Why is this painting being used to illustrate the Viking slave trade?


Google slave trade in orientalist art and this is what comes up on the images for "slave trade in orientalist art".
Orientalism, racism, Islamophobia?
The Slave Market (1910) by Otto Pilny (1866 - 1936), a Swiss painter who specialized in Orientalist genre scenes.
Google Otto Pilny art for images and this what you get.
Pilny made a great success from his "fascination" with the orient, and the taste for the imagery of orientalist art.
The contradiction is that there is NO contradiction!
The contradiction is that there is no contradiction in the artists' fascination with the Bedouin of North Africa and the representation of an "otherness", that is embedded in the European "mindset" and the "fear of the other", the "foreign" and the foreigner, the "outlander"! 

In the book Orientalism (1978), the cultural critic Edward Said redefined the term Orientalism to describe a pervasive Western tradition — academic and artistic — of prejudiced outsider-interpretations of the Eastern world, which was shaped by the cultural attitudes of European imperialism in the 18th and 19th centuries. The thesis of Orientalism develops Antonio Gramsci's theory of cultural hegemony, and Michel Foucault's theorisation of discourse (the knowledge-and-power relation) to criticise the scholarly tradition of Oriental studies.

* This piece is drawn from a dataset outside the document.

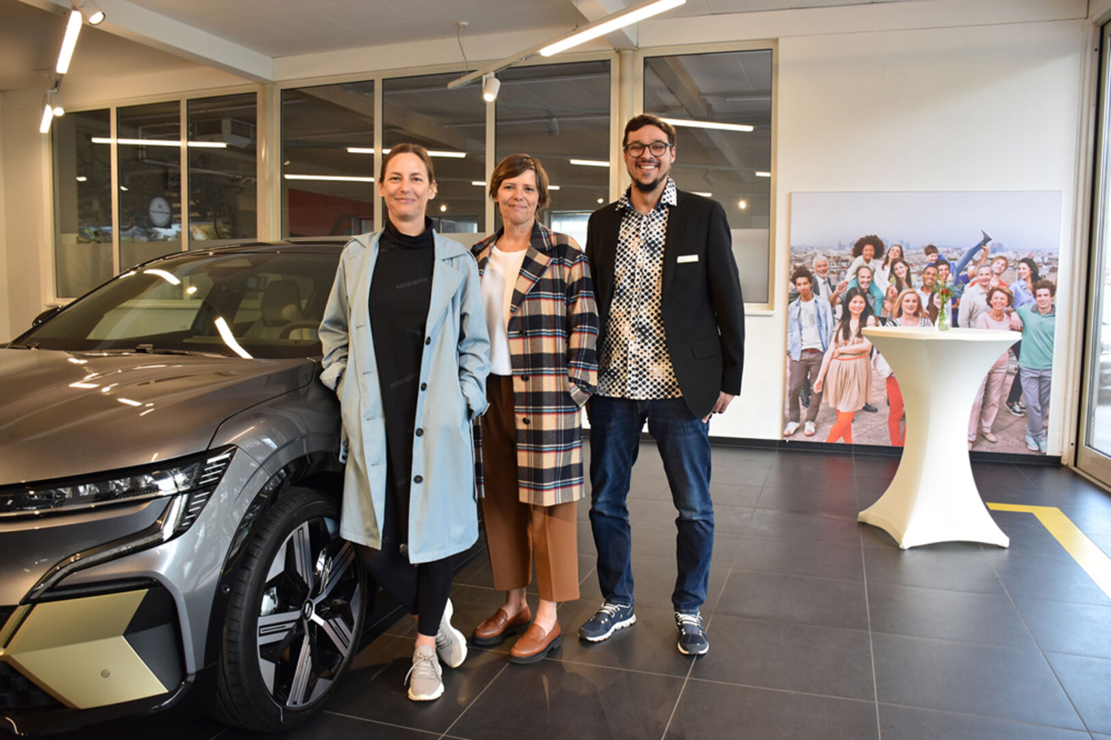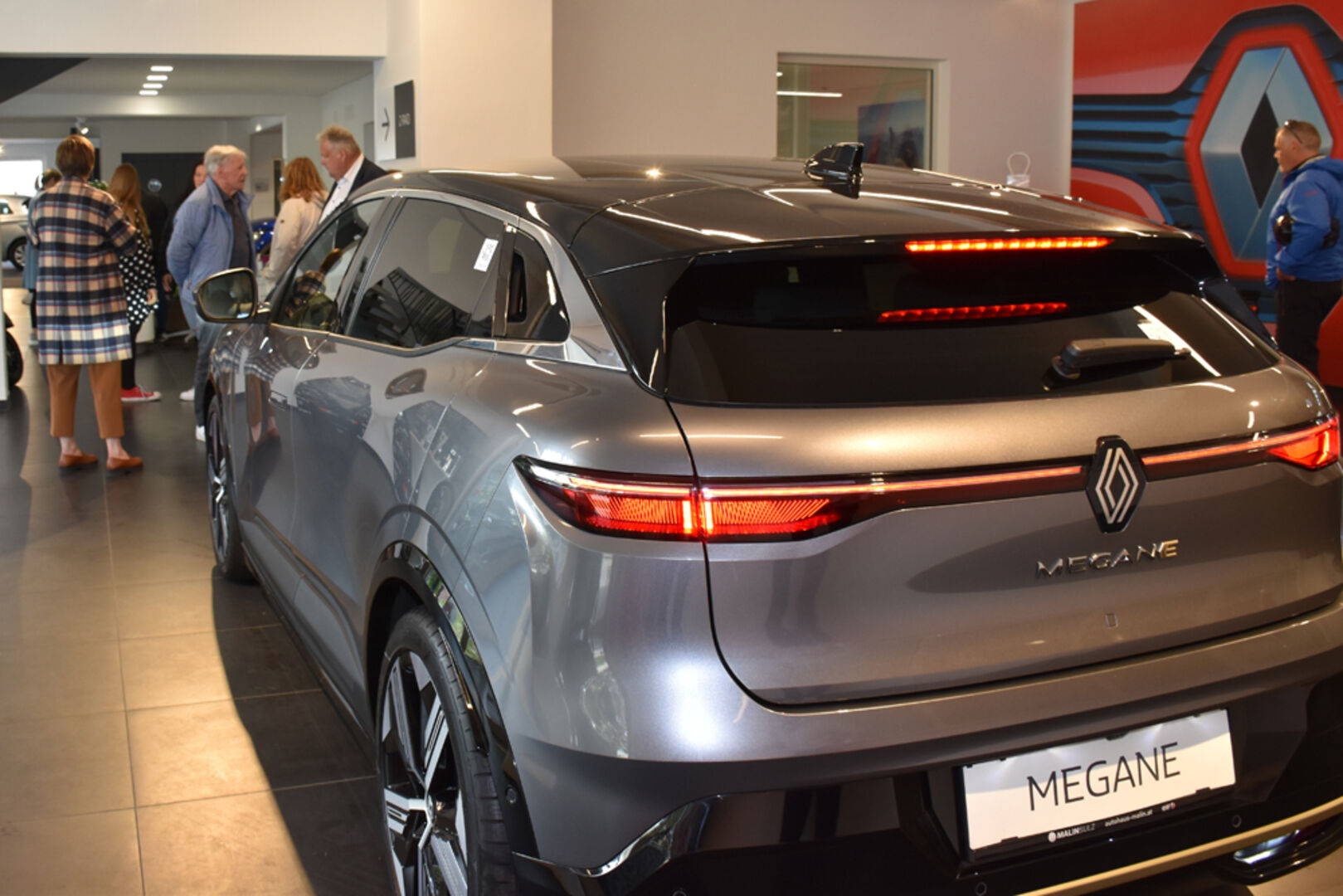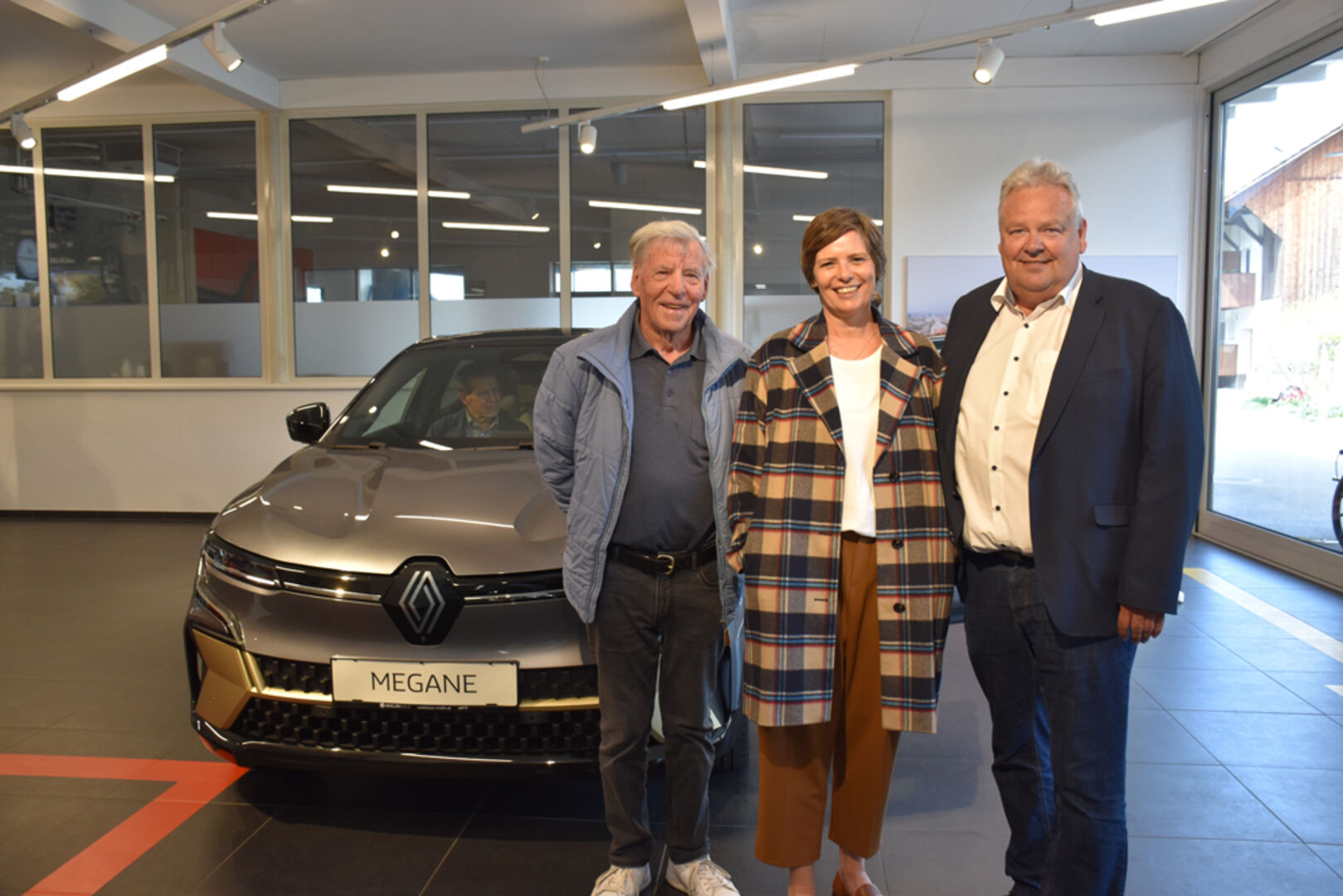 Bis 470 km Reichweite, in 30 Minunten bis zu 300 km geladen, der neue Renault MEGANE E-TECH war der Star der Präsentation: Autohaus Malin Geschäftsleitung Linda Wallenta-Malin (li.), Nadja Malin-Potzinger und Verkaufsberater Thomas Breuss.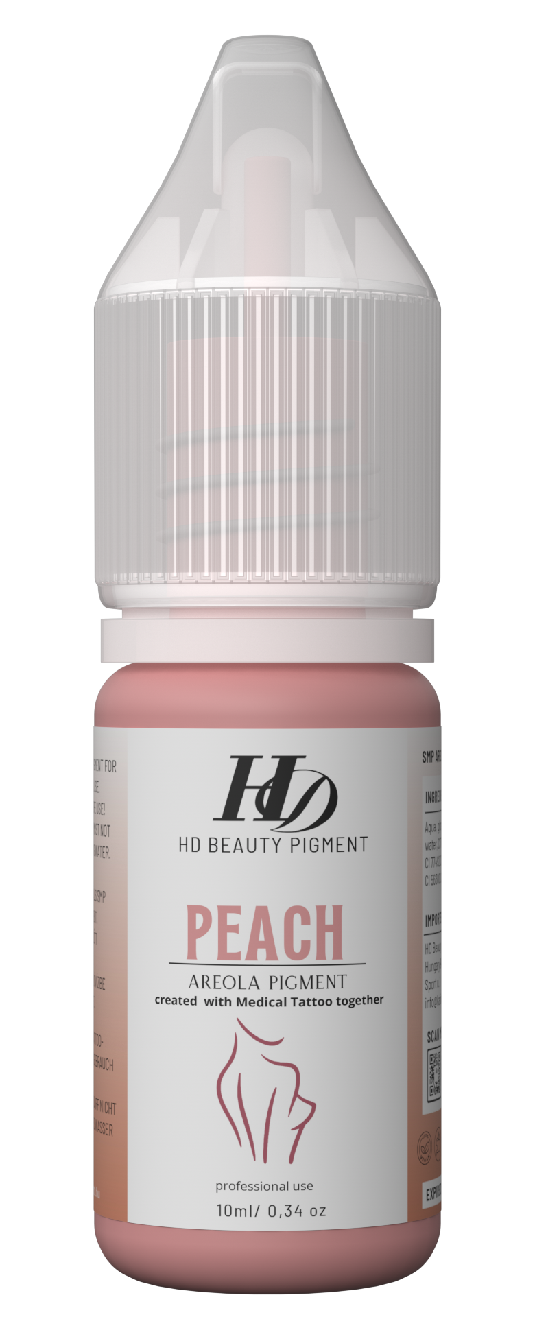 Az Areola Peach a legvilágosabb árnyalat az areola pigmentek palettáján. Finom, barackos tónusa kiválóan alkalmazható 3D hatás létrehozásához, valamint világosító és melegítő pigmentként is tökéletes. Lágy színe segít kiemelni az areola természetes fény-árnyék játékát, így a végeredmény élethűbb és plasztikusabb lesz.

The analyses are of Orientalism in European literature, especially French literature, and do not analyse visual art and Orientalist painting. In that vein, the art historian Linda Nochlin applied Said's methods of critical analysis to art. Nochlin was one of the first art historians to apply theories of Orientalism to the study of art history, specifically in her 1983 paper, "The Imaginary Orient." Her key assertion was that Orientalism must be seen from the point-of-view of "the particular power structure in which these works came into being," in this case, 19th century French colonialism. 

Nochlin focused primarily on the 19th century French artists Jean-Leon Gérôme and Eugène Delacroix, who both depicted 'orientalist' themes in their work, including, respectively, The Snake Charmer and The Death of Sardanapalus.
In Gérôme's "The Snake Charmer," from the late 1860s, Nochlin described how Gérôme created a sense of verisimilitude not only in his rendering of the scene with such realistic precision one almost forgets a painter painted it, but in capturing the most minute details, such as meticulously painted tiles. 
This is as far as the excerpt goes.